マンションの場合、パンフレットに記載された面積は、壁芯面積と呼ばれ、登記簿謄本面積よりも大きいです。

特に2DKあたりの間取を購入する場合は、登記簿謄本の面積が50㎡以上あるかどうかをしっかり確認してください。

また、床面積の2分の1以上が居住用の賃貸併用住宅も住宅ローン控除が利用できます。

この場合、利用できる住宅ローンの額は、居住用の面積割合を乗じた残高が対象となります。

また、もし買い替えの場合のは「買い替え特例の特例」も併用することが可能です。

買い替え特例については下記記事で詳しく解説しています。

中古住宅の場合

中古住宅で住宅ローン控除を受けるには、以下の条件を満たす必要があります。

中古住宅の場合の住宅ローン控除条件

  1. 中古住宅を取得し、平成21年1月1日から平成33年12月31日までにその住宅を自己の居住の用に供すること。
  2. 新築住宅の場合の②~④と同じ。
  3. 次のイ・ロのいずれかに該当すること
    • イ.建築されてから20年(耐火建築物の場合は25年)以内の家屋であること
    • ロ.築後年数に関わらず新耐震基準に適合することが証明されたもの又は、既存住宅売買瑕疵担保責任保険に加入しているもの(その家屋の取得の日前2年以内に保険契約の締結をしたものに限る。

「耐火建築物」とは、鉄筋コンクリート造のマンションなどが該当します。

耐火建築物以外の木造戸建て住宅は20年で、耐火建築物の鉄筋コンクリート造マンションは25年以内が対象となります。

中古住宅を買うなら、とりあえず戸建てなら築20年、マンションなら築25以内の物件なら住宅ローン控除を受けられます。

また、戸建てで築21年以上、マンションで26年以上の物件は、「新耐震基準に適合することが証明された物件」または「既存住宅売買瑕疵担保責任保険に加入している」物件であることが必要です。
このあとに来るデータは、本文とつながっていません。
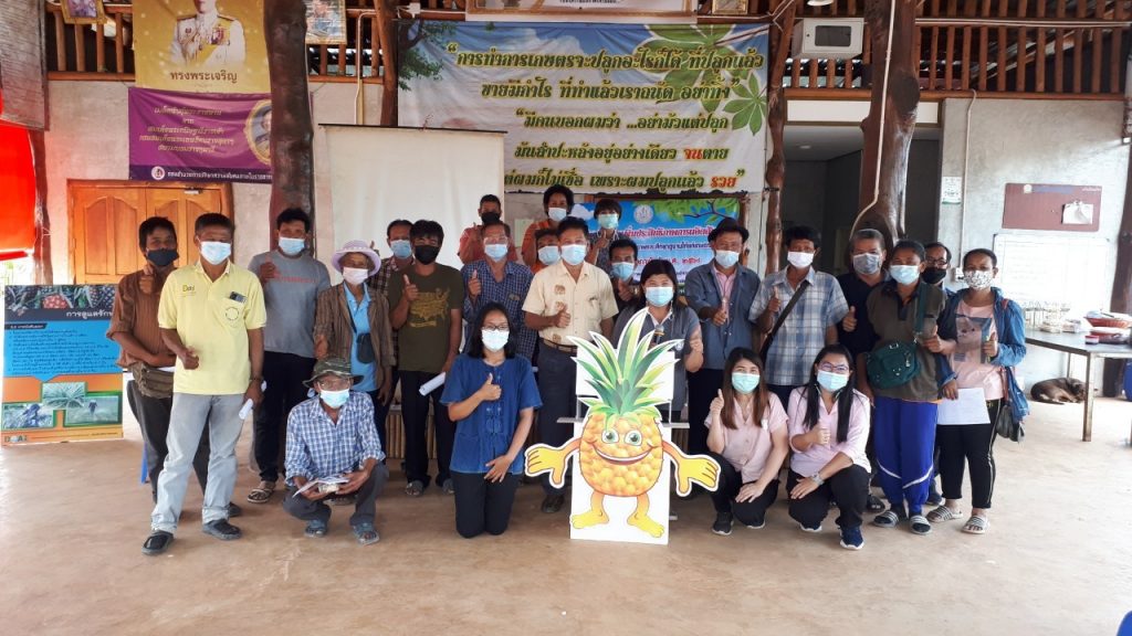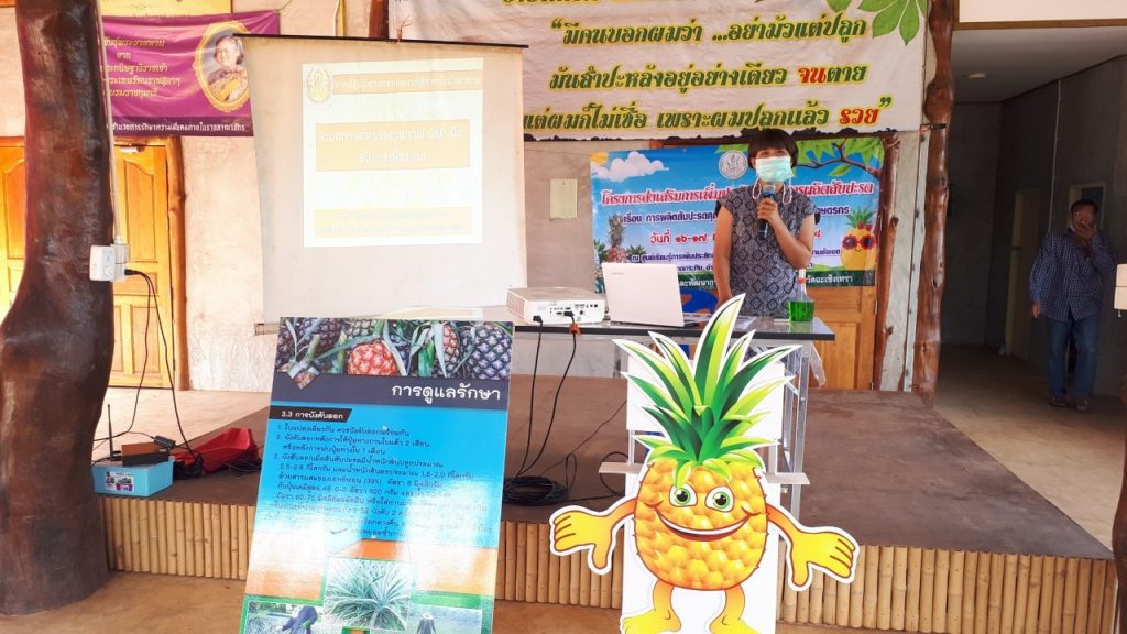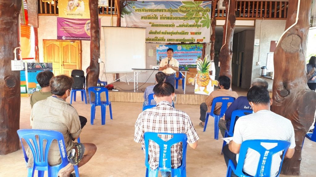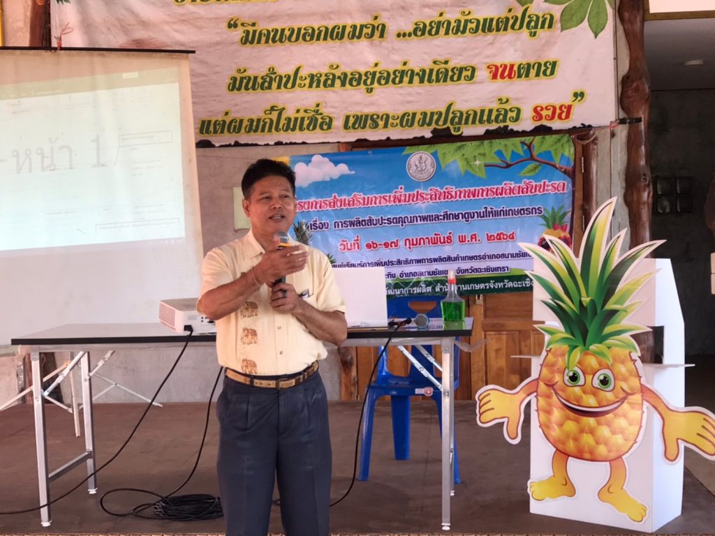 สำนักงานเกษตรจังหวัดฉะเชิงเทรา ร่วมกับสำนักงานเกษตรอำเภอสนามชัยเขต จัดกิจกรรมอบรมเกษตรกร เรื่อง การผลิตสับปะรดคุณภาพ รุ่นที่ 1 เป้าหมายเกษตรกร 25 ราย โดยเป็นเกษตรกรที่ปลูกสับปะรดตำบลลาดกระทิง อำเภอสนามชัยเขต จังหวัดฉะเชิงเทรา ณ ศพก. อำเภอสนามชัยเขต โดยได้รับเกียรติจาก ศวพ.ฉะเชิงเทรา (ศูนย์วิจัยและพัฒนาการเกษตรฉะเชิงเทรา ) มาถ่ายทอดความรู้ เรื่องการผลิตสับปะรดคุณภาพดีและการใช้ปุ๋ยเพื่อลดการตกค้างของสารไนเตรทในผลผลิตสับปะรดและนำเกษตรกรไปศึกษาดูงานแปลงเรียนรู้ต้นแบบการเพิ่มประสิทธิภาพสับปะรดคุณภาพ โดยใช้จุลินทรีย์ PGPR มาช่วยปรับปรุงบำรุงดิน ของ นายสมชาย สมาน ในพื้นที่ตำบลลาดกระทิง อำเภอสนามชัยเขต
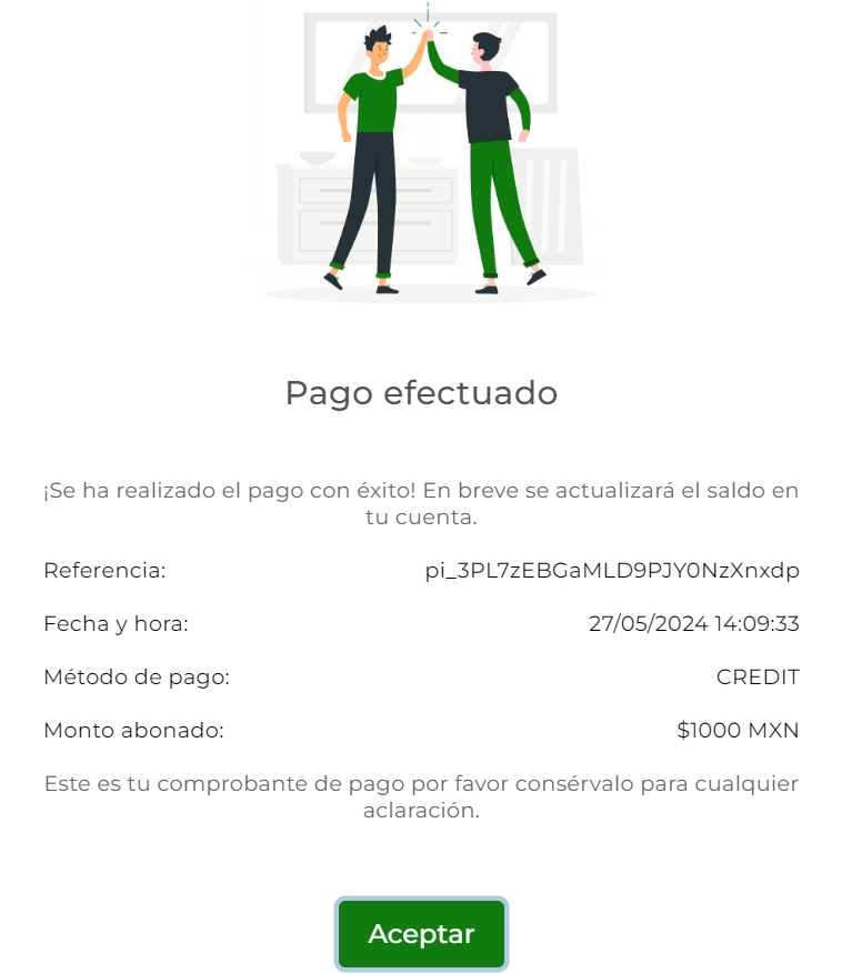 Una vez que el cargo a la tarjeta sea confirmado por el banco, se mostrará el comprobante de pago, te sugerimos conservarlo para cualquier aclaración.
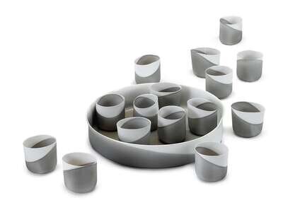 Large translucent porcelain dish with fifteen matched cups, each signed 'PS 2001.'
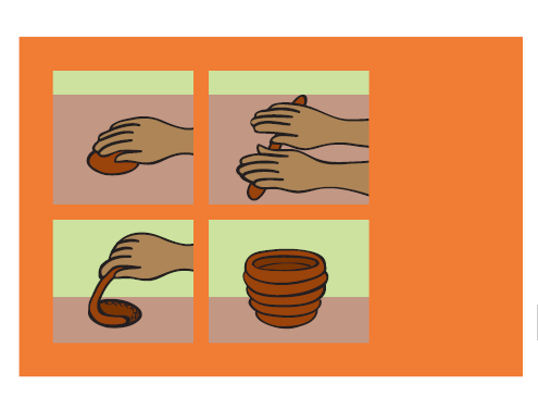 चित्र को देखकर इस तरह से बर्तन बनाओ।
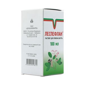 Показания к применениюХроническая почечная недостаточность различного происхождения, в латентной компенсированной и интермиттирующей стадиях (в составе комбинированной терапии).Применение при беременности и кормлении грудьюПротивопоказана при беременности, в период лактации.ПротивопоказанияИндивидуальная непереносимость компонентов Леспефлана. Беременность.Побочное действиеВозможно: аллергические реакции, гипонатриемияСоставВ 100 мл раствора содержится: побеги леспедезы двухцветной 70.8 г; этанол (спирт этиловый) 95%; вода очищенная; аниса маслоВзаимодействие с другими препаратамиВ связи с наличием алкоголя нельзя назначать препарат больным, получающим лечение препаратами, угнетающими центральную нервную систему, инсулином, гипогликемическими средствами (метформин, производные сульфонилмочевины); лекарственными средствами, вызывающими непереносимость алкоголя (дисульфирамоподобное действие).
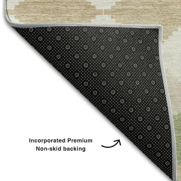Mayfield Premium Machine Washable Abstract AMF1007 Aloe 8 ft. x 8 ft. Round Rug
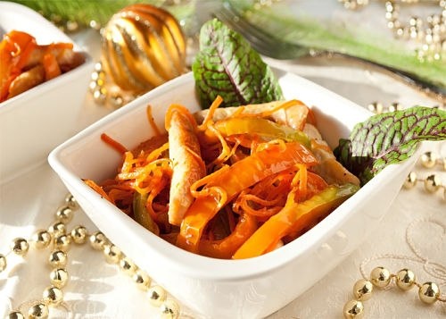Этот салат стал популярен благодаря своей легкости в приготовлении. Мясо курицы, сочный сладкий перец и ароматная корейская морковь создают неповторимую гармонию вкусов. Болгарский перец лучше выбирать мясистый, желательно разнообразного цвета: он не только украсит блюдо, но и добавит новые оттенки вкуса. Если нет времени, можно приобрести готовую корейскую морковь, но её легко приготовить и самостоятельно.
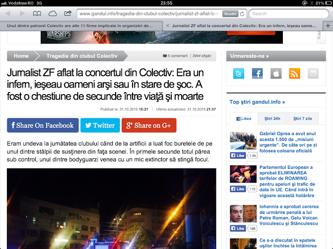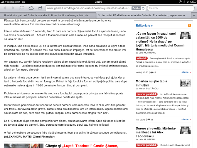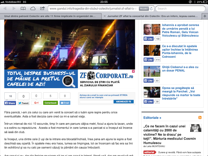 Nu vreau sa ma dau desteptul desteptilor, dar inainte de a a-l vedea si auzi pe R.M. la B1 Tv remarcasem deja niste ciudatenii in desfasurarea tragediei. De meserie sunt .proiectant, am intocmit documentatii tehnice cu scenarii de evacuare in caz de incendii in vederea obtinerii avizului de la Pompieri (mai nou ISU) deci am cat de cat idee de ce inseamna o evacuare in caz de incendiu, dar la cum au decurs acolo lucrurile, CEVA NU SE LEAGA
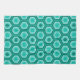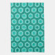 Traditionelles japanisches Kimono-Print-Teetuch - Sechsecke mit einem Motiv aus der Blume in türkisfarbenem, aquamarinem, weißem und hellen Wasser auf türkisfarbenem Hintergrund

瑕疵担保責任保険については下記記事で詳しく解説しています。

また、もし買い替えの場合のは「買い替え特例の特例」も併用することが可能です。

買い替え特例については下記記事で詳しく解説しています。

リフォームの場合

リフォームで住宅ローン控除を受けるには、以下の条件を満たす必要があります。

リフォームの場合の住宅ローン控除条件

  1. 自ら所有し、居住している家屋で平成21年1月1日から平成33年12月31日までに増改築等を行い、同日までに入居すること。
  2. 工事費用(増改築等について、増改築等の費用に関して補助金等の交付を受ける場合には、その補助金等の金額を控除した金額)が100万円を超えるものであること。
  3. 工事を行った家屋が居住用と居住用以外の部分があるときは居住用部分の工事費用が全部の工事費用の2分の1以上であること。
  4. 増改築等を行った後の住宅の床面積が50㎡以上であること。
  5. 増改築等を行った後の住宅の床面積の2分の1以上が居住用であること。
  6. 増改築等の日から6ヶ月以内に自己の居住の用に供すること。

リフォームの場合には、「100万円を超えるもの」という金額の縛りがあります。

もちろん、10年以上の住宅ローンを借りていることが条件となります。

以上、ここまで控除できる物件の条件について見てきました。

では、控除を受けるためにはどのような書類が必要になってくるのでしょうか。

そこで次に、控除を受けるための必要書類について解説いたします。

5.住宅ローン控除を受けるための必要書類

住宅ローン控除を受けるには、確定申告が必要となります。

サラリーマンの場合、2年目以降は年末調整の段階で住宅ローン控除の適用を受けることができます。

新築住宅の場合の必要書類

新築住宅で確定申告に必要な書類は以下のものになります。

新築住宅で確定申告する場合に必要な書類一式

  1. 建物や土地の登記事項証明書
  2. 新築工事の請負契約書または売買契約書の写し
  3. 住民票の写し
  4. 金融機関等の借入先から交付された「住宅取得資金に係る借入金の年末残高等証明書」

中古住宅の場合の必要書類

中古住宅で確定申告に必要な書類は以下のものになります。

中古住宅で確定申告する場合に必要な書類一式

  1. 売買契約書の写し(相続した場合には債務の承継に関する契約書の写し)
  2. 土地と建物の登記事項証明書
  3. 住民票の写し
  4. 金融機関等の借入先から交付された「住宅取得資金に係る借入金の年末残高等証明書」
  5. 築後年数要件に該当しない場合は耐震基準適合証明書等

リフォームの場合の必要書類

リフォームで確定申告に必要な書類は以下のものになります。

リフォームで確定申告にする場合に必要な書類一式

  1. 増改築後の建物の登記事項証明書
  2. 増改築等に係る工事の請負契約書の写し
  3. 住民票の写し
  4. 金融機関等の借入先から交付された「住宅取得資金に係る借入金の年末残高等証明書」

6.まとめ

以上、ここまで、住宅ローン控除とは何か、どのような条件で受けられるのか、必要書類はどのようなものか、ということについて見てきました。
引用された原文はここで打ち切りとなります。